<<<<

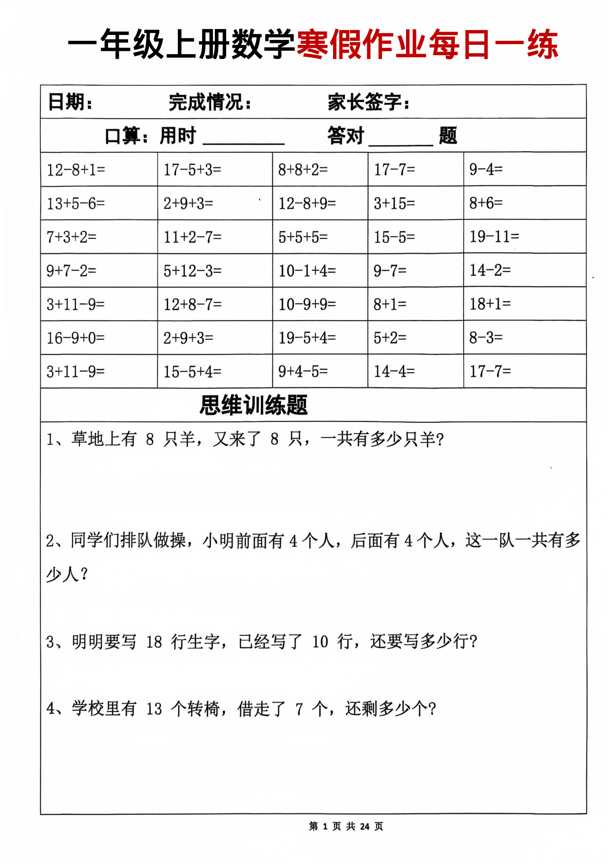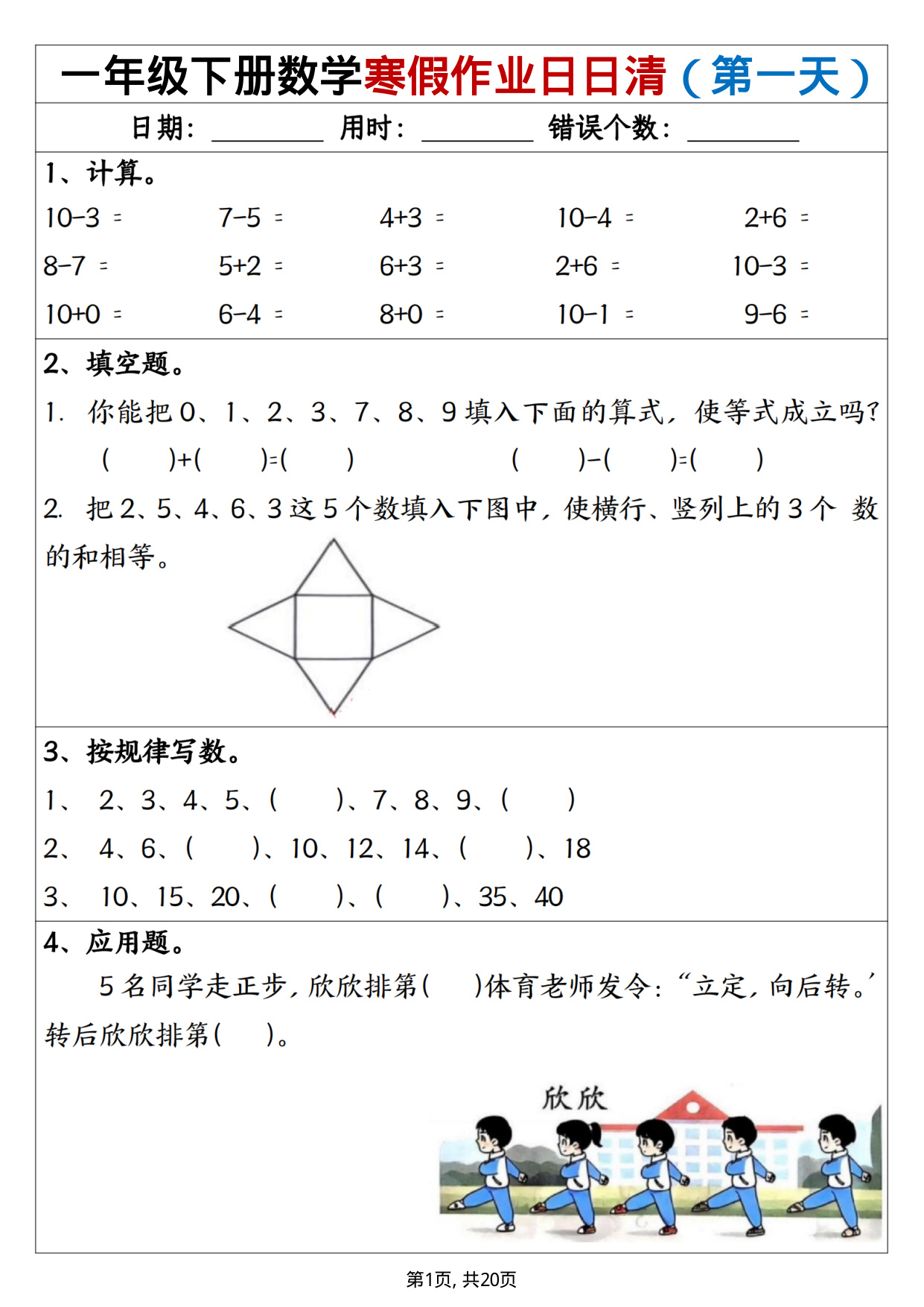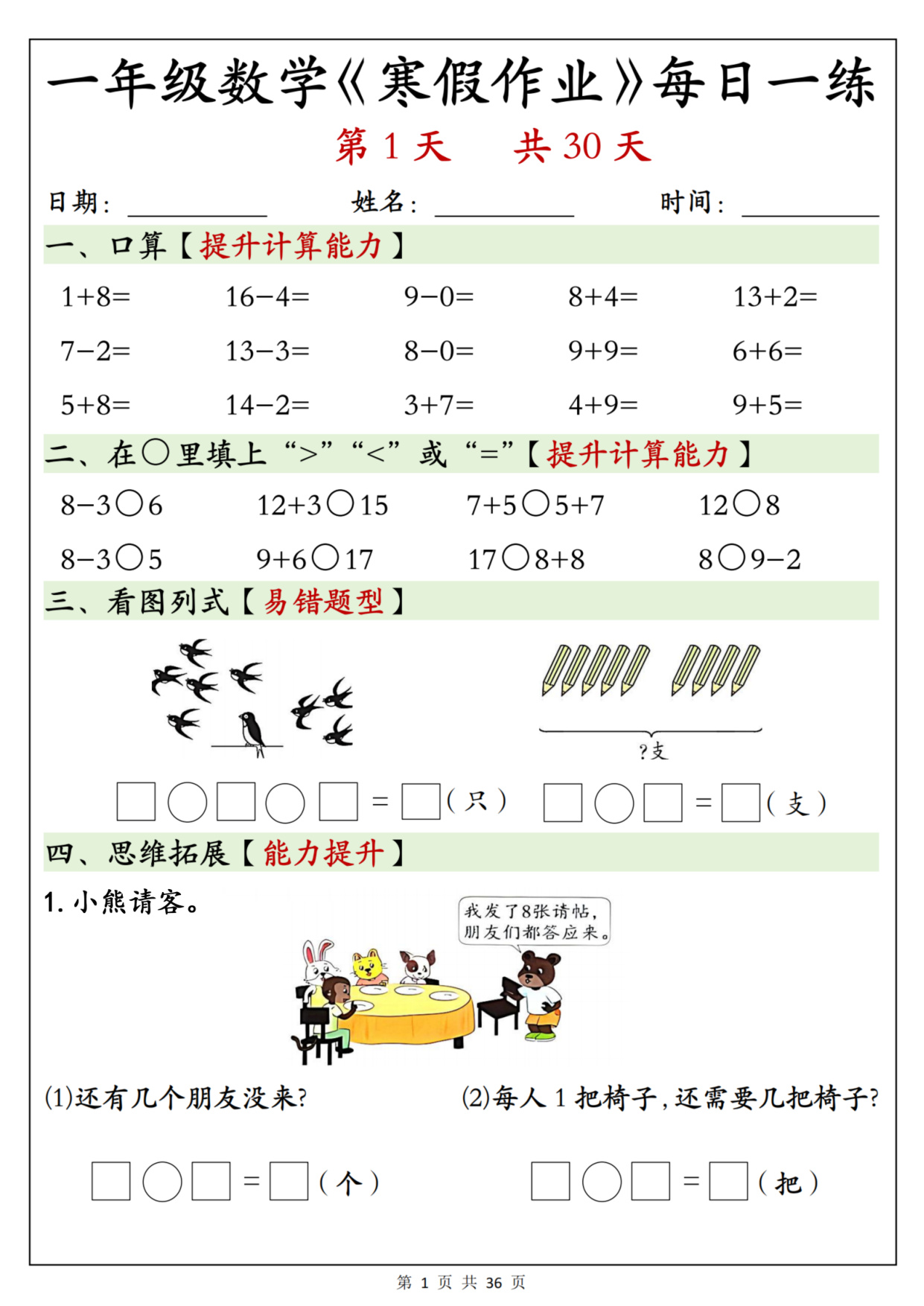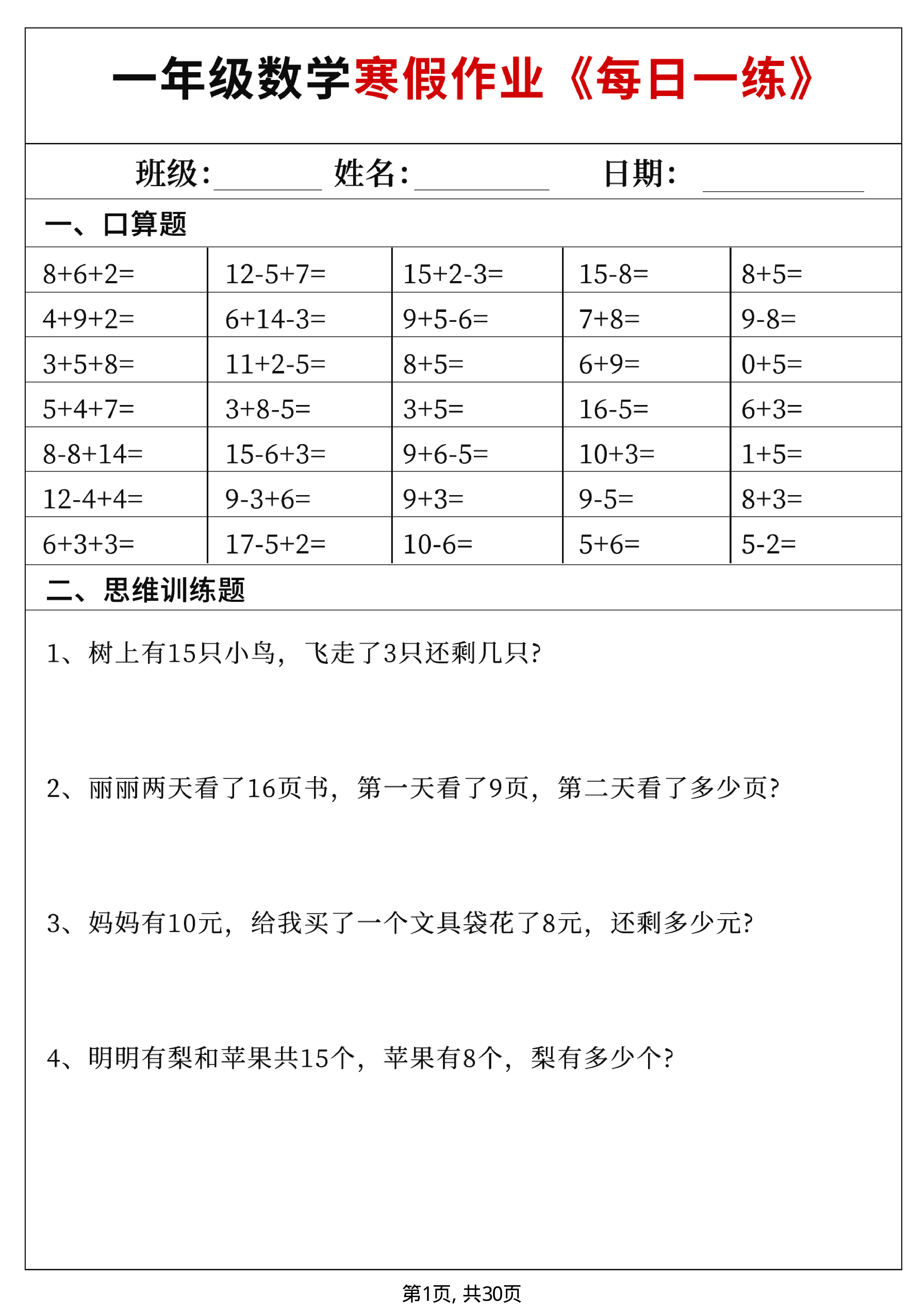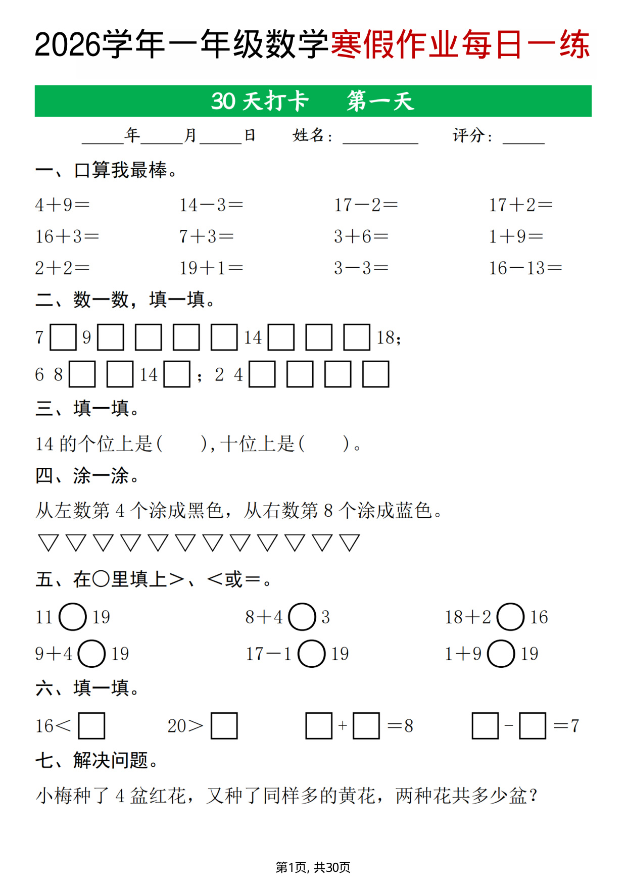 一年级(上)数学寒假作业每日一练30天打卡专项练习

>>>>
<<<<

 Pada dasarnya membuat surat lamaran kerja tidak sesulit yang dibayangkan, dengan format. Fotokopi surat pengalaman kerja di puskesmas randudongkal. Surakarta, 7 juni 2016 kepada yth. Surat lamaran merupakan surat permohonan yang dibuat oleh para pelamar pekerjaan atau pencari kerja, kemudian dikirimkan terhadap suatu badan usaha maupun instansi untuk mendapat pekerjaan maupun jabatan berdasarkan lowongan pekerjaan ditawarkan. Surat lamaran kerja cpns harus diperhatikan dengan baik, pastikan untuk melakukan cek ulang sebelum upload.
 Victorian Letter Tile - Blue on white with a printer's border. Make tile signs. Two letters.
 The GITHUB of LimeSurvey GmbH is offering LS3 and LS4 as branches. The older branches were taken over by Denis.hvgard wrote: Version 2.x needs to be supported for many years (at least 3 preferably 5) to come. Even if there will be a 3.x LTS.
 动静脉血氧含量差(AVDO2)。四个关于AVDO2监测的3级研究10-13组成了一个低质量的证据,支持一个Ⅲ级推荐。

>>>>
<<<<

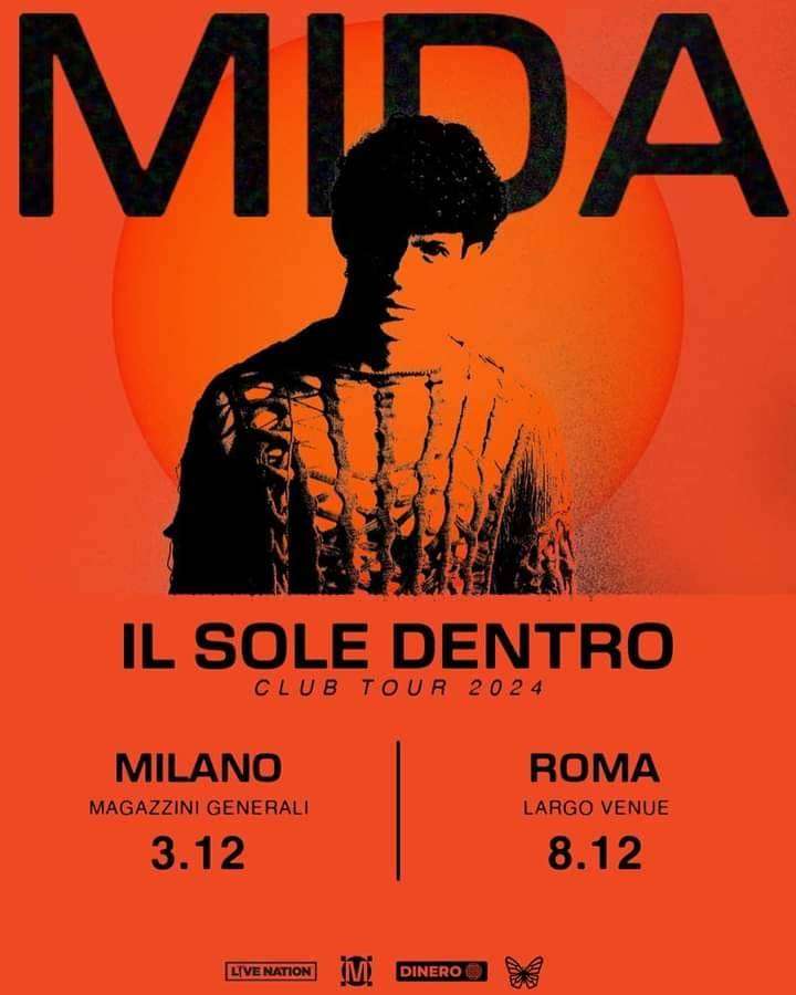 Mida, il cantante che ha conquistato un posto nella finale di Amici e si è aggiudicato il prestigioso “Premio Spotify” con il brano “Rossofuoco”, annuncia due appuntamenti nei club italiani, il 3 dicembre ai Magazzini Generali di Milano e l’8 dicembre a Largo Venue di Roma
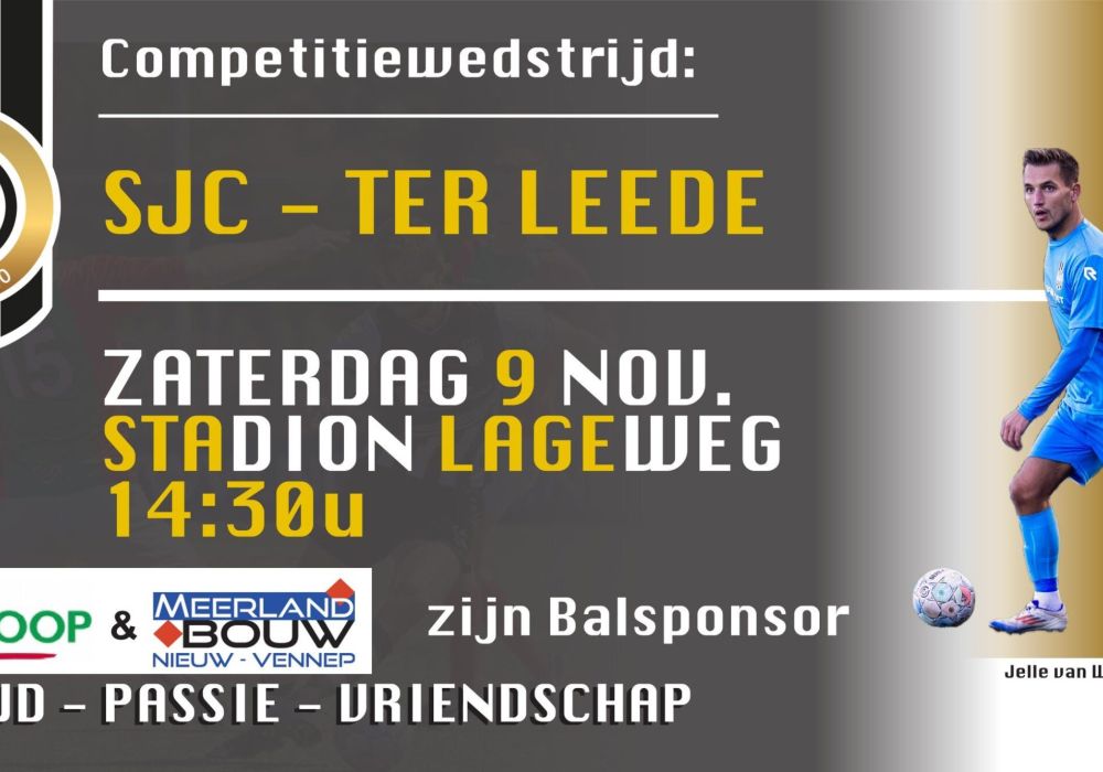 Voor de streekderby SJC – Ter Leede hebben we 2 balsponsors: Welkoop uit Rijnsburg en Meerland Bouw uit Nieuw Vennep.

>>>>

_Work request_
Looking at the data above, write out exactly the lines that start at the one containing "Pada dasarnya membuat" and end at the one containing "动静脉血氧含量差(AVDO2"; include both and nothing beyond.

_Output of the task_
 Pada dasarnya membuat surat lamaran kerja tidak sesulit yang dibayangkan, dengan format. Fotokopi surat pengalaman kerja di puskesmas randudongkal. Surakarta, 7 juni 2016 kepada yth. Surat lamaran merupakan surat permohonan yang dibuat oleh para pelamar pekerjaan atau pencari kerja, kemudian dikirimkan terhadap suatu badan usaha maupun instansi untuk mendapat pekerjaan maupun jabatan berdasarkan lowongan pekerjaan ditawarkan. Surat lamaran kerja cpns harus diperhatikan dengan baik, pastikan untuk melakukan cek ulang sebelum upload.
 Victorian Letter Tile - Blue on white with a printer's border. Make tile signs. Two letters.
 The GITHUB of LimeSurvey GmbH is offering LS3 and LS4 as branches. The older branches were taken over by Denis.hvgard wrote: Version 2.x needs to be supported for many years (at least 3 preferably 5) to come. Even if there will be a 3.x LTS.
 动静脉血氧含量差(AVDO2)。四个关于AVDO2监测的3级研究10-13组成了一个低质量的证据,支持一个Ⅲ级推荐。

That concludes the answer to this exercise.